El juego de la luna es un tebeo viejo. Cuenta una historia antigua, casi primordial, con la estructura heredada de la tragedia clásica: en una población rural llamada Aldea unos niños hostigan a otros que, al querer eludirles, sufren un episodio funesto; años después, los matones se han hecho con el poder de la villa y los sometidos luchan por recuperar su dignidad. Se trata de una historia en dos actos: un acto para la niñez y lo puro que se corrompe, otro acto para la madurez y las heridas que se restañan. Para construir este relato pretérito, el guionista, Enrique Bonet, ha echado mano de una estrategia infalible: narrar con lo preciso, con los fondos enfocados en un entorno mínimo, con las arquitecturas contadas y una única fachada reconocible entre las demás. Sólo un lugar se aparta por su excepcionalidad del resto: un claro situado en el bosque profundo donde se alzan una ruinosa torre y un inofensivo pozo. Los personajes se ajustan a este mismo esquema uniforme, llevan ropajes poco identificativos, sin rasgos muy especiales (salvo en el caso de los hombres narizones y las ancianas con adminículos, ese corifeo que tanta importancia tiene en el transcurso de la acción) y salvo por la capa roja que exhibe la protagonista, Artemisa, poca nota de color hay en esta historia triste.

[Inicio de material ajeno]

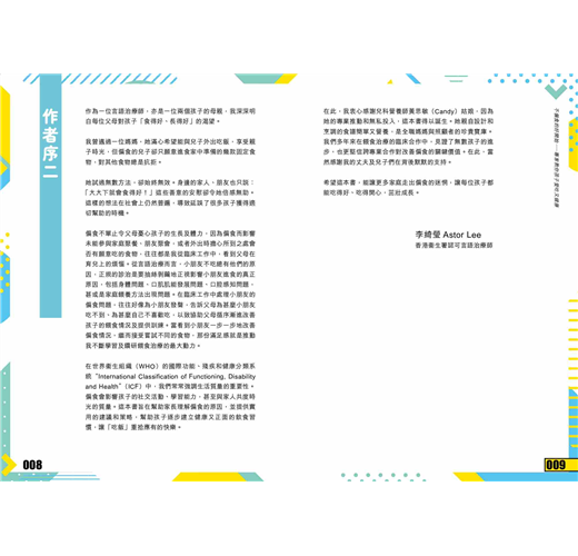 為了讓家長有實際可行的方法,作者團隊分享多個臨床常用的介入策略,循序漸進地引導孩子接受新食物、建立進食信心與習慣,並收錄真實個案故事,讓讀者更直觀地理解不同孩子的挑戰與轉變。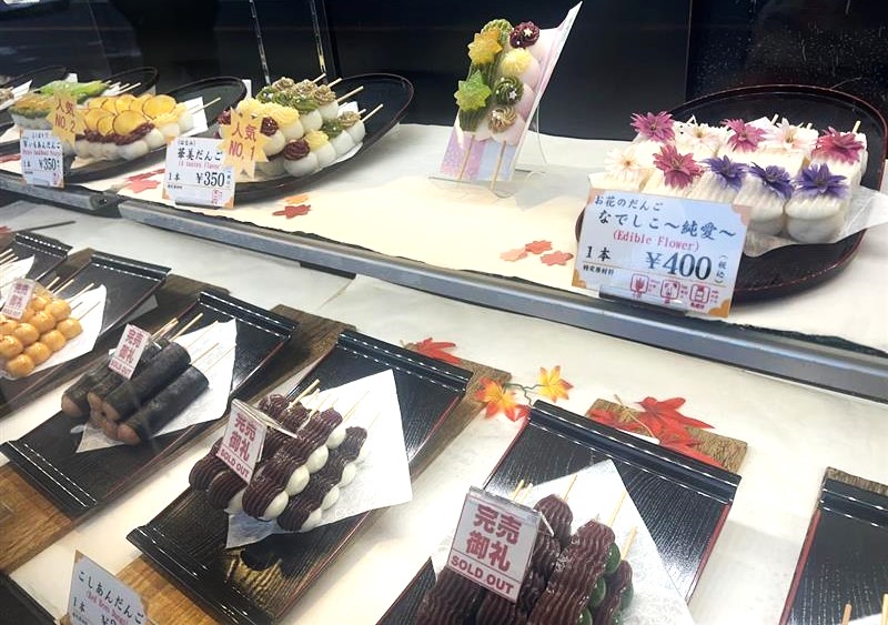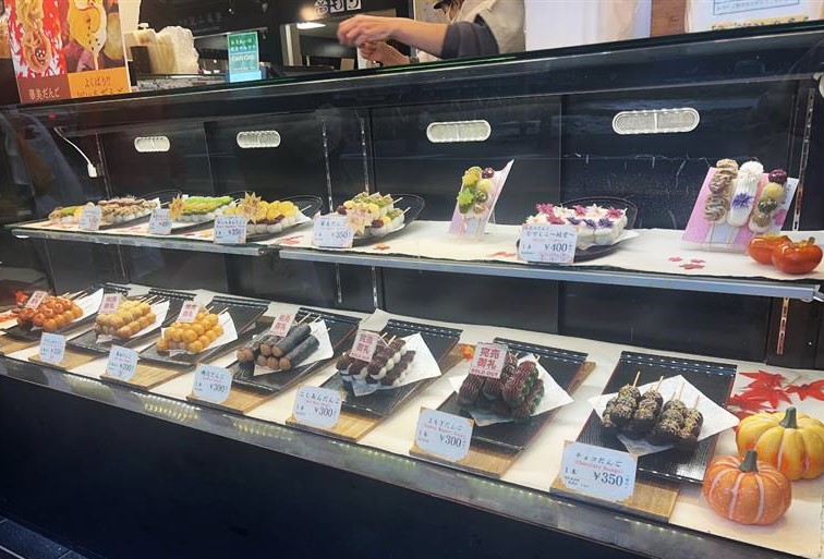 진열된 귀여운 단고들의 토핑이 적절히 빛을 받아 반짝반짝 ✨ 빛나기 때문에

El argumento se desarrolla, pues, sobre la base de esta homogeneidad. Como toda cultura tradicional, los dirigentes del poblado conservan el orden interno sobre la base del miedo. Recordemos que hubo un tiempo en el que la seguridad se mantenía con el gobierno del amedrentamiento. Para los mayores, con una pizca de violencia bien aplicada o con la amenaza era suficiente. Para los niños, a falta de señalética, bastaba con un “No te acerques al pozo o te comerá el monstruo”. Los habitantes crecen en este ambiente para, con el paso del tiempo, ir difuminando los miedos y dar paso a la vida plena.
No es éste el caso de Aldea. Algo turba la secuencia lógica de los acontecimientos en la historia urdida por Bonet, algo terrible que mantiene a algunos habitantes en un temor constante, sin que puedan escapar de él ni crecer, mientras otros administran el terror de forma habitual, pues así han crecido. Naturalmente, con el paso del tiempo llega la oportunidad de enfrentarse cada uno a sus temores y, quizá, a superarlos.
|
|
|
Caperucita y el lobo.
|
Es hermosa la manera que el guionista ha elegido para narrar esta historia sencilla, que no deja de ser una vuelta al relato que se cuenta en todas las aldeas. Y, ojo, no es El juego de la luna una historieta fantástica necesariamente: el monstruo de las páginas 20-21 (genialmente corporeizado por Munuera) o los muertos que luego aparecen son materializaciones de la aprensión, pero no seres fantasmagóricos. Si bien es verdad que los personajes parecen calcos de otros procedentes del folclor: Caperucita, el flautista de Hamelin, el hada madrina de la Cenicienta, etc. También es verdad que algunos elementos del relato parecen salir del recuento de Propp (autor que sistematizó los componentes de los cuentos clásicos): el talismán, el acertijo, el vaticinio. Obviamente, son elementos y efectos buscados por los autores, que han lanzado guiños a los lectores avezados permitiendo al mismo tiempo que la obra pueda disfrutarse sin establecer estas relaciones. Es, por esta razón, una obra de aparente sencillez pero que encierra muchos más significados de los que parece contener en un primer vistazo.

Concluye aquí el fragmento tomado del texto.